ECLI:NL:RVS:2011:BQ4611
Raad van State
- Hoger beroep
- H.G. Lubberdink
- M.G.J. Parkins de Vin
- C.J. Borman
- Rechtspraak.nl
Vernietiging van de intrekking van een verblijfsvergunning op basis van onjuiste identiteitsgegevens
In deze zaak heeft de Raad van State op 10 mei 2011 uitspraak gedaan in het hoger beroep van de minister van Justitie tegen een eerdere uitspraak van de rechtbank 's-Gravenhage. De zaak betreft de intrekking van een verblijfsvergunning voor bepaalde tijd die aan een vreemdeling was verleend. De staatssecretaris van Justitie had de vergunning ingetrokken op basis van onjuiste identiteitsgegevens die de vreemdeling had verstrekt. De vreemdeling had de gelegenheid gekregen om zijn werkelijke identiteit te herstellen, maar had deze kans niet benut.
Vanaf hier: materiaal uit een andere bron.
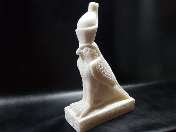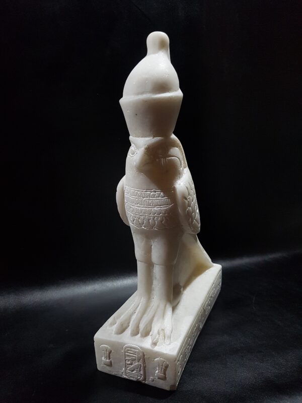 Horus The falcon god of the sky as a Falcon Figurine Wearing The Double Crown of Egypt – Made of Alabaster Stone – made with Egyptian soul

De Raad van State oordeelde dat de staatssecretaris bevoegd was om de vergunning in te trekken, omdat de vreemdeling onjuiste gegevens had verstrekt en had nagelaten om zijn identiteit te corrigeren. De rechtbank had eerder geoordeeld dat de intrekking onterecht was, maar de Raad van State vernietigde deze uitspraak. De Raad benadrukte dat de vreemdeling verantwoordelijk was voor het verstrekken van correcte informatie en dat de staatssecretaris de gevolgen van de afweging van de vreemdeling om zijn identiteit niet te herstellen voor diens rekening kon laten. De uitspraak bevestigt de bevoegdheid van de staatssecretaris om verblijfsvergunningen in te trekken op basis van onjuiste gegevens, en onderstreept het belang van correcte identiteitsinformatie in het vreemdelingenrecht.